Bringing reason to self-consciousness, however, not only involves staking out the limits of theoretical reason, but also affirming the reality of active, practical reason. Practical reason is not a second kind of reason, but rather the same reason which is “primarily” practical. The union of intuition and concept is “in fact action, practice,” and it’s by this act that “man is laid hold of not only by the being of things, i.e. by nature in its reality in time and space, but beyond this and above all by the thing that must be, hidden from us as a ‘thing in itself.’” The truth of ideas is thus “practical truth, truth, that is, which is perceived in the form of such pre-suppositions (Kant says, in the form of ‘postulates’) which are accomplished in the moral act – the presuppositions of God, freedom, and immortality. Thus too “the proof of God is ever to be adduced as a demonstration of the presupposition that is assumed in deciding to accept the commandment of the inscrutable Law-giver.” True proofs of God must be “moral” proofs. The only knowledge of God is a practical one. In this, Kant is not attempting to destroy metaphysics, as some claim, but rather to raise metaphysics to the level of a science.

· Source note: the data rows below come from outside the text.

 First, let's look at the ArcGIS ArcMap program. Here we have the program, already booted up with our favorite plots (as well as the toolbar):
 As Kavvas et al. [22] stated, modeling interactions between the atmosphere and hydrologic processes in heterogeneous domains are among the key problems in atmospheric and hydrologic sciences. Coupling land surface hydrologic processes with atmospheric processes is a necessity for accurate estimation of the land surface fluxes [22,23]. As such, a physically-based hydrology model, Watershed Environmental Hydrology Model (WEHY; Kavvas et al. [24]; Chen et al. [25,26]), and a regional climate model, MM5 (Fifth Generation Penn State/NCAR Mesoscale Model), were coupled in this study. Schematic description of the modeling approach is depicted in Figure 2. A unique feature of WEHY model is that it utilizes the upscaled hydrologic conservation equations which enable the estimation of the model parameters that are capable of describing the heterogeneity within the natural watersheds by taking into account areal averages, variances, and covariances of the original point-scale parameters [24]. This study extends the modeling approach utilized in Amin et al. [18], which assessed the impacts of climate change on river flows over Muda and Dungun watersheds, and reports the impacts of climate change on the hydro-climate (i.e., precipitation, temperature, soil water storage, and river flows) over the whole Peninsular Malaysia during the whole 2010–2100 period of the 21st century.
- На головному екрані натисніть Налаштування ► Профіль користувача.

Kant, Barth points out, did not wait for theologians to make peace with his critique of reason, but offered his own terms of peace in Religion Within the Limits of Reasn and in Dispute of the Faculties. Barth sums Kant’s aim as a philosopher religion as a double one: “he wants on the one hand, as a philosopher, i.e. as the advocate of human reason in the general sense – which is seeking to understand itself and is thus self-critical – to remind religion too and theology as religion’s mouth-piece of the significance of the fact that it too is a matter in which reason places its part, an additional part, at all events, just as certainly as it too at least makes use of reason in the establishment of its propositions. And on the other hand, once again as a philosopher, he wants to assess religion as a phenomenon of reason, as a cultural manifestation . . . . he wants to make it intelligible within the frame-work of all the other phenomena of reason, to construct it by applying the general principles pertaining to all civilization.”

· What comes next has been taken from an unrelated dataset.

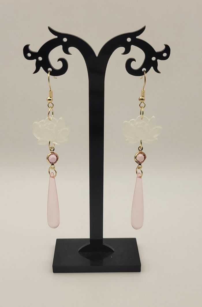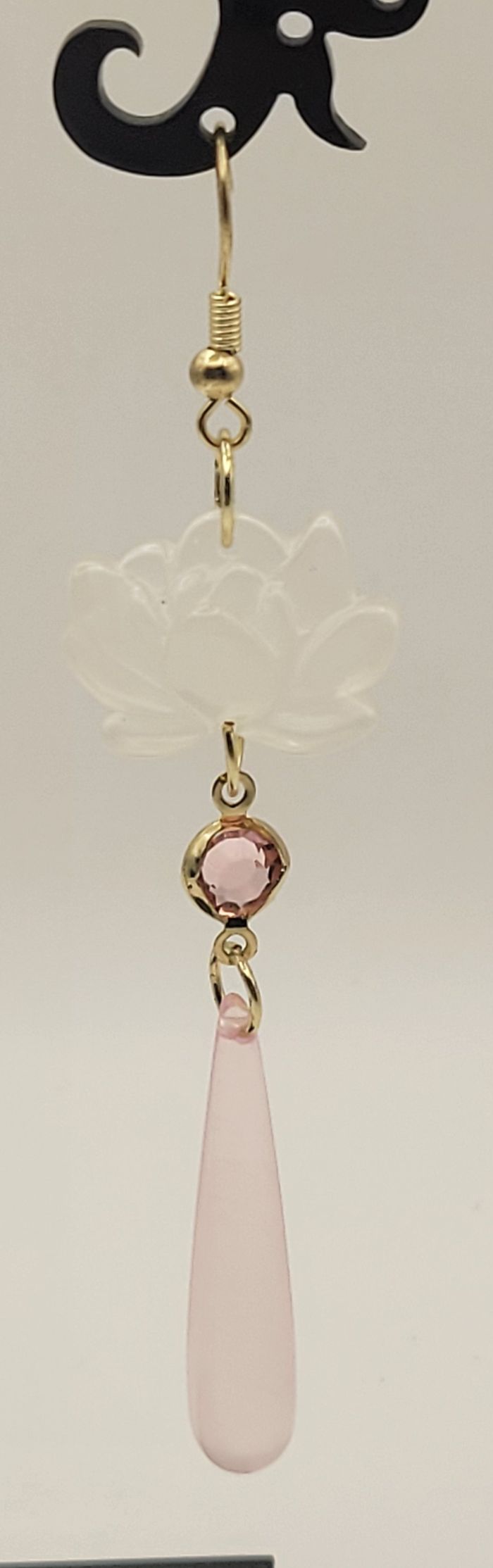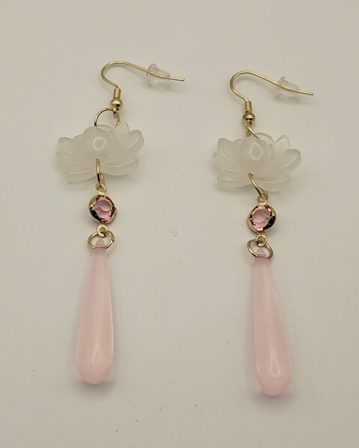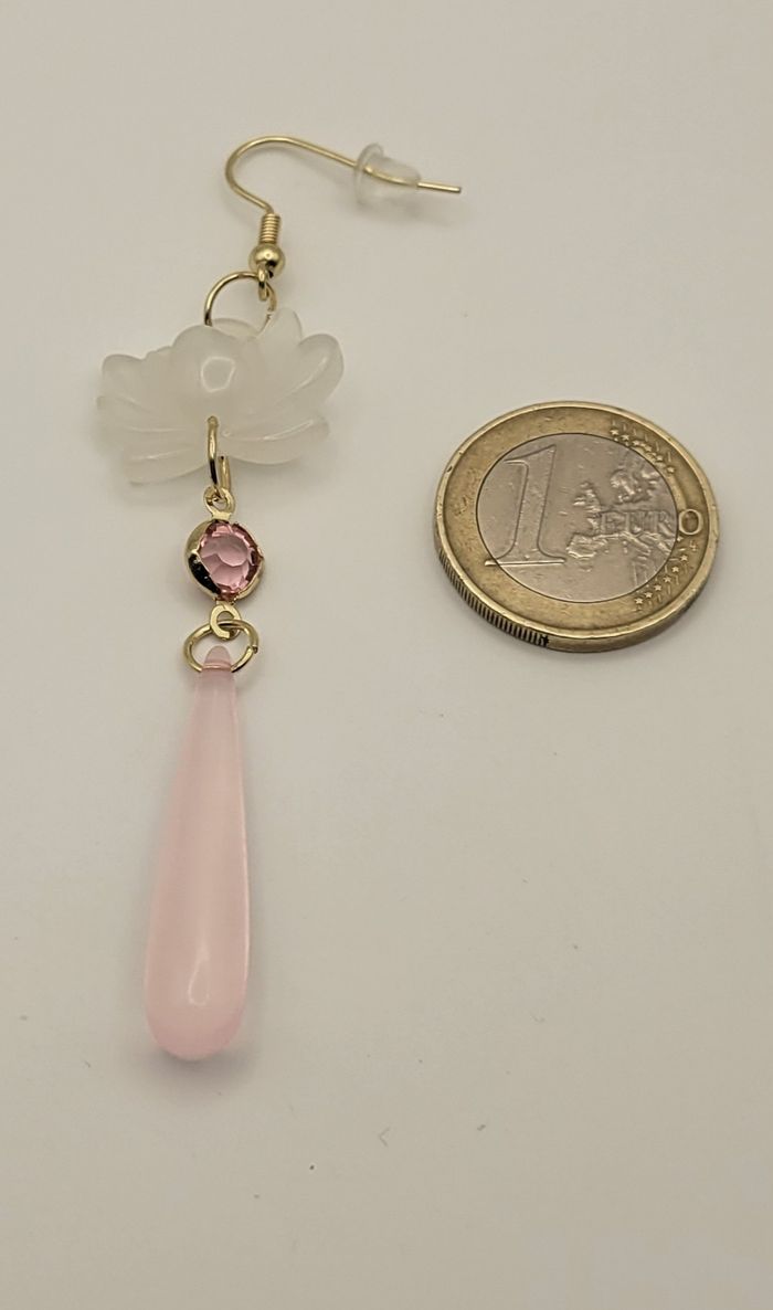 BOUCLES D'OREILLES PENDANTES LOTUS GOUTTE D'EAU ROSE ! NEUVE ! - photo numéro 3

The reason within whose limits Kant discusses religion is not theoretical reason, but reason purified of revelation – reason alone in the sense that it accepts no revelation from God. Within the limits of this reason, the religion of reason is, according to Kant, morality represented as God-given, the practical obedience to duty as coming from a divine Law-giver. Revelation is an accommodation to the weakness of humanity, the need to have some concrete empirical ground for religious belief and practice. Kant reinterprets Christology, salvation, and ecclesiology within the limits of this reason. A theology that works within these limits, that translates its revealed faith into the dictates of pure religion, is at peace with Kantian philosophy.

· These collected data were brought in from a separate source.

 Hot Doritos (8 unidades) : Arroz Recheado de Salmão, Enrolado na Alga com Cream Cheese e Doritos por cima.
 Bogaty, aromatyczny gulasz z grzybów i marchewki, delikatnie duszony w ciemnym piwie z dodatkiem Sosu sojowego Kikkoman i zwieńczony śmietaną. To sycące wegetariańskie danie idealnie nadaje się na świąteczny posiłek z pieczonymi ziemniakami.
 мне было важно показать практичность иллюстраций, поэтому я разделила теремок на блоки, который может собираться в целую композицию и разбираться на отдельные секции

Three possibilities arise for theology, according to Barth. First, some theologians simply accepted Kant and set out “to execute the Kantian programme.” That is, theologians might accept Kant at face value, and try to develop a theology that accepts Kant’s claims about the nature of “religion.” In this category, Barth includes Ritschl. Second, theology can accept Kant insofar as method, but “subject it to an immanent critique” in which it attempts “to broaden and enrich the conception of reason which forms the premise by pointing out that there is yet another capacity a priori which is part of the necessities of human reason, apart from the theoretical and practical ones: the capacity for feeling, as Schleiermacher put it.” This correction of Kant “became characteristic of the stamp of theology in the nineteenth century, and in particular, of the so-called conservative or positive theology, just as much as of the so-called liberal theology of the century. Both these first possibilities have it in common that theology desires in principle to keep to the Kantian terms for peace, and enter into negotiations, merely, with their dictator, whether it be upon the conditions he has laid down for their execution, or upon the actual terms for peace themselves.” In pursuing these developments, “nineteenth-century theology is destined to be the direct continuation of the theology of the Enlightenment.” Third, theology might question “not only the application of the Kantian conception of the problem, but that conception itself, and therefore the autocracy and its competence to judge human reason in relation to

the religious problem.” This would involve “theology resigning itself to stand on its own feet in relation to philosophy, in theology recognizing the point of departure for its method in revelation, just as decidedly as philosophy sees its point of departure in reason, and in theology conducting, therefore, a dialogue with philosophy, and not, wrapping itself up in the mantle of philosophy, a quasi-philosophical monologue.” Barth sees glimmers of this option arising in nineteenth-century theology, but thinks it was a largely untapped possibility.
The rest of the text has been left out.